### Problem requirements
Quote exactly, and only, the lines from the one containing "горы. В мае" through the end of the material below. Skip pictures.

### Information supplied

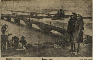
ВЕЧЕРНИЕ ИГРУДЫ. Осенний пост.

В мае уехали из Москвы И. П. (разные) и С. С. (разные) в горы. В мае уехали из Москвы И. П. (разные) и С. С. (разные) в горы.
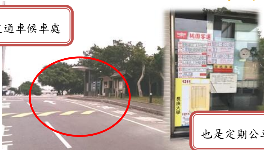
也是定期公車候車處
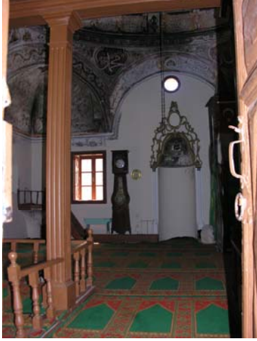
Resim 5. Eski Mordoğan Köyü Camii. Harimden genel görünüş.

### Final answer
В мае уехали из Москвы И. П. (разные) и С. С. (разные) в горы. В мае уехали из Москвы И. П. (разные) и С. С. (разные) в горы.
也是定期公車候車處
Resim 5. Eski Mordoğan Köyü Camii. Harimden genel görünüş.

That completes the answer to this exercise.